-------- DATASET EXCERPT --------
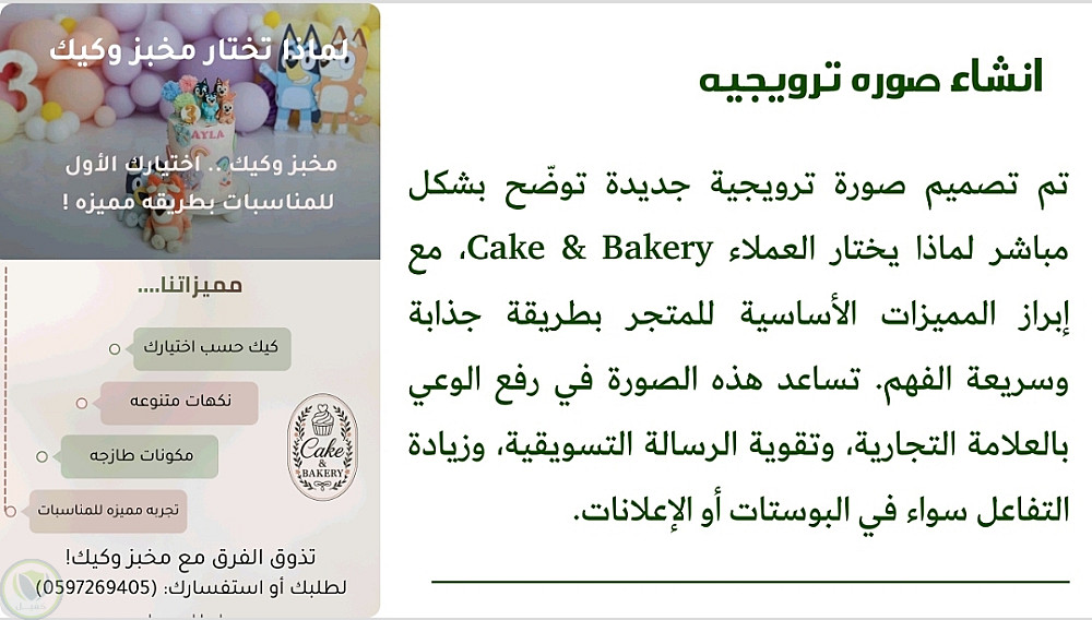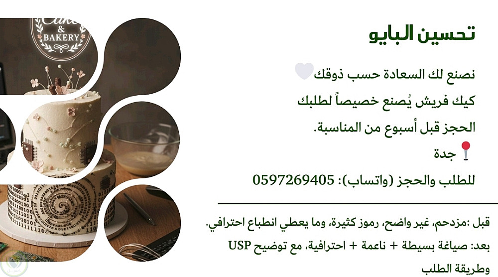 • تحسين الواجهة التعريفية (Bio): إعادة صياغة "البايو" ليكون بسيطاً وناعماً، مع إبراز نقاط القوة (USP) مثل "كيك فريش يُصنع خصيصاً" وتوضيح طريقة الطلب بشكل مباشر.
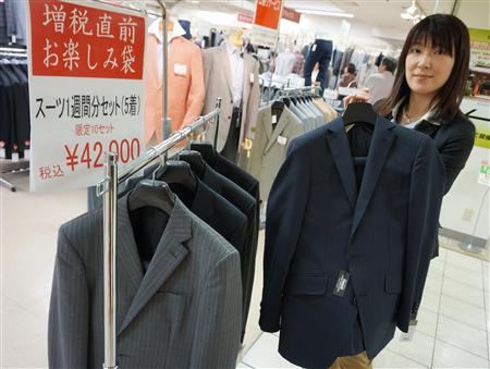 西武池袋本店(東京都豊島区)では27日、4月1日に発売する「春の福袋」の袋詰め作業が始まった。紳士シャツ7枚(5万円相当)の福袋(1万800円)など250種1万点を用意。担当者は「来店してもらい、増税後の消費意欲を刺激する」と意気込む。
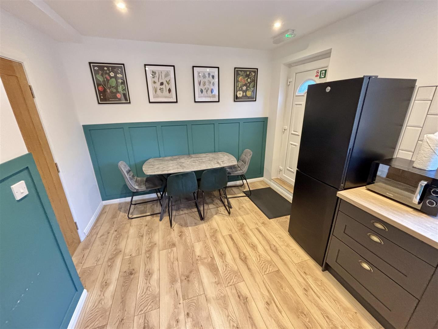 Fitted with a comprehensive range of units having contrasting worktops incorporating a stainless steel sink and drainer unit with mixer tap, a built in electric oven and hob with extractor over, an integrated washing machine and fridge/freezer space. Further features inside tiled splashbacks, laminate flooring, recessed spotlighting, a radiator, a UPVC double glazed window to the rear and UPVC external door to the rear garden.
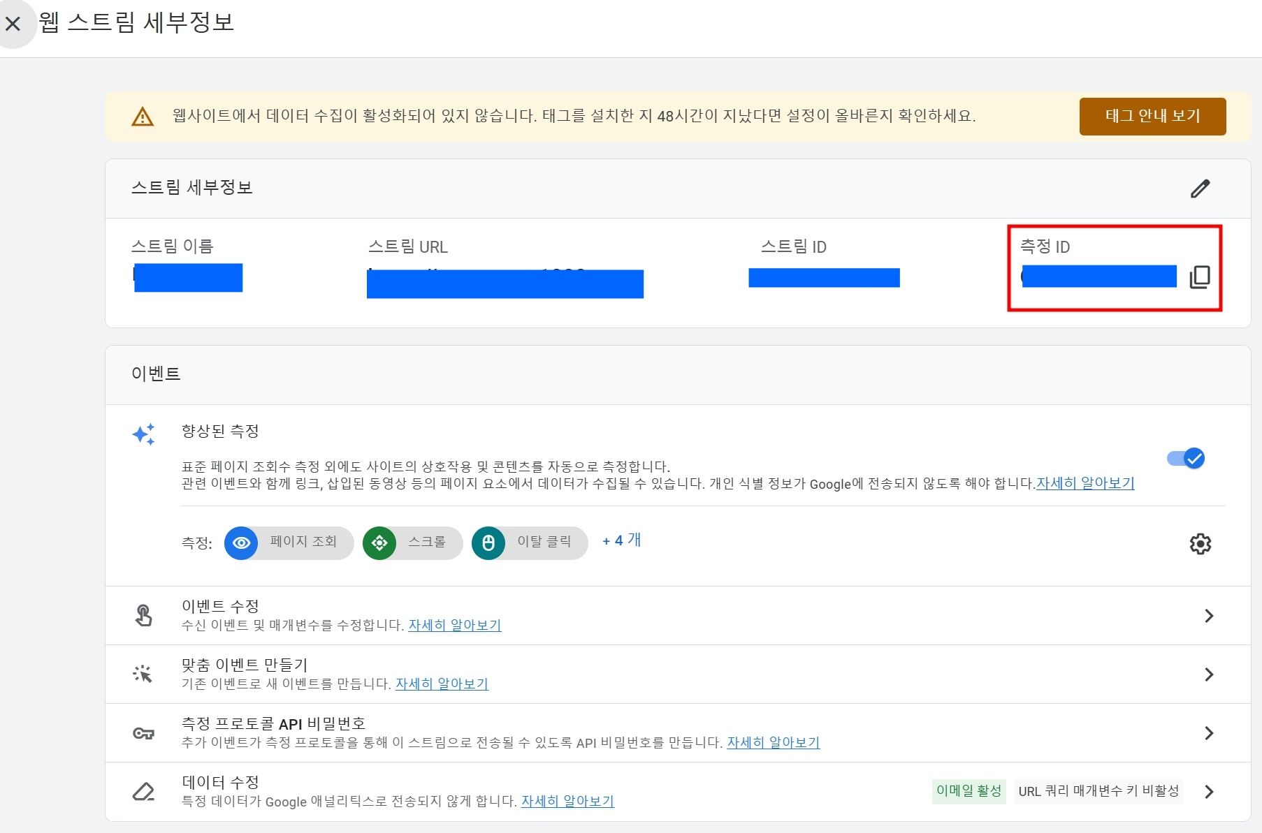 다시 아래와 같이 구글애드센스로 돌아가서 측정아이디를 복사하신 다음,
--------
## EXERCISE
Would you copy out every line of the data above exactly, minus the pictures?

## TASK OUTPUT
 • تحسين الواجهة التعريفية (Bio): إعادة صياغة "البايو" ليكون بسيطاً وناعماً، مع إبراز نقاط القوة (USP) مثل "كيك فريش يُصنع خصيصاً" وتوضيح طريقة الطلب بشكل مباشر.
 西武池袋本店(東京都豊島区)では27日、4月1日に発売する「春の福袋」の袋詰め作業が始まった。紳士シャツ7枚(5万円相当)の福袋(1万800円)など250種1万点を用意。担当者は「来店してもらい、増税後の消費意欲を刺激する」と意気込む。
 Fitted with a comprehensive range of units having contrasting worktops incorporating a stainless steel sink and drainer unit with mixer tap, a built in electric oven and hob with extractor over, an integrated washing machine and fridge/freezer space. Further features inside tiled splashbacks, laminate flooring, recessed spotlighting, a radiator, a UPVC double glazed window to the rear and UPVC external door to the rear garden.
 다시 아래와 같이 구글애드센스로 돌아가서 측정아이디를 복사하신 다음,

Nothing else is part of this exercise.